Wer einen Menschen bei Minusgraden auf der Straße schlafen sieht, solle umgehend den Notarzt rufen - diese Empfehlung gibt der Kardiologe Thomas Münzel. Eine Übernachtung im Freien bei Frost könne schnell lebensbedrohlich werden, sagte der Professor für Kardiologie an der Mainzer Uniklinik. Dann sei "die Wahrscheinlichkeit hoch, dass sie die Nacht nicht überleben werden". Obdachlose seien aufgrund vielfacher Vorerkrankungen eine "extrem gefährdete Gruppe". Insbesondere herzschwache Menschen sollten unter keinen Umständen draußen schlafen, da die Kälte bestehende gesundheitliche Probleme verstärke.
"Die Kälte auszuhalten und keinen Rückzugsort zu haben, das ist schlimm für die Leute", sagte Tanja Scherer von der Evangelischen Wohnungslosenhilfe in Mainz. Viele Obdachlose suchten nachts Schutz in Bahnhofsgebäuden, öffentlich zugänglichen Foyers oder in Parkhäusern.
In Mainz ist die Wohnungslosenhilfe eine von mehreren möglichen Anlaufstellen für Obdachlose. Hier gibt es in den Wintermonaten zusätzlich 24 Notschlafplätze in sechs Containern, die von der Stadt jedes Jahr als "Erfrierungsschutz" aufgestellt werden. Doch die Plätze sind schnell vergriffen. Alle Betten seien über den gesamten Zeitraum von Dezember bis März belegt, sagte Scherer.
Zu Beginn dieser Woche wurde noch ein weiterer Container aufgebaut. Nur wer Anspruch auf Sozialhilfeleistungen hat, kann das Container-Angebot kostenlos nutzen - außen vor bleiben Menschen aus osteuropäischen Ländern wie Rumänien, Bulgarien oder Ungarn, die als EU-Bürger frei einreisen können, dann aber selbst für ihren Lebensunterhalt aufkommen müssen.
In Ludwigshafen gibt es seit diesem Winter neben den Angeboten der Hilfsorganisationen auch eine "Kältewohnung", in der Wohnsitzlose kostenfrei und ohne Anmeldung übernachten können.
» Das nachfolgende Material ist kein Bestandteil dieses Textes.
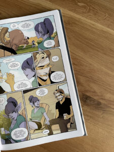 Bardzo możliwe, że dla mnie osobiście Saga stała się takim guilty pleasure. Lubię ten styl, wciąż zaskakuje mnie dosadne podejście do nieprzyzwoitych treści (tutaj w jednej ze scen otwierających mamy wgląd w narodziny robota i jest to przedstawione w taki sposób, że można doznać lekkiej konsternacji). Całość na plus, ale to jednocześnie ten przykład komiksu, w którym na pewno przestanę kojarzyć postaci, ich zależności i motywacje. Już się łapałem na tym, że nie do końca wiedziałem kto, z kim i dlaczego.

Das Angebot der Stadt sei bisher jedoch noch nicht genutzt worden, sagte eine Stadtsprecherin.
Auch in anderen Orten in Rheinland-Pfalz gibt es Tagesunterkünfte und Übernachtungsmöglichkeiten. Bei Bedarf könnten auch kurzfristig zusätzliche Unterbringungsmöglichkeiten geschaffen werden, heißt es in Mainz, Trier, Koblenz, Kaiserslautern und Ludwigshafen. In den ländlichen Regionen fehle eine solche Versorgung oft, sagte Scherer.
Bürgerinitiativen wie "Die Platte" in Mainz kümmern sich auch um die Versorgung mit Kleidung oder Essen. In Mainz und Koblenz versorgen auch Kältebusse Obdachlose mit Wärme und dem Nötigsten. Seit mehr als 25 Jahren ist Ralf Blümlein mit einem Kältebus im Kreis Mainz-Bingen unterwegs, um Menschen auf der Straße warme Getränke, Decken und Kleidung zu bringen. Auf die frostigen Nächte seien Obdachlose in seinem Bezirk gut vorbereitet: "Die aktuellen Temperaturen hauen uns nicht um."
Manche suchen auch Schutz in einem Zelt. "Darin lässt es sich mit zwei Wolldecken im Schlafsack ganz gut aushalten", erzählte der 58-jährige Paule.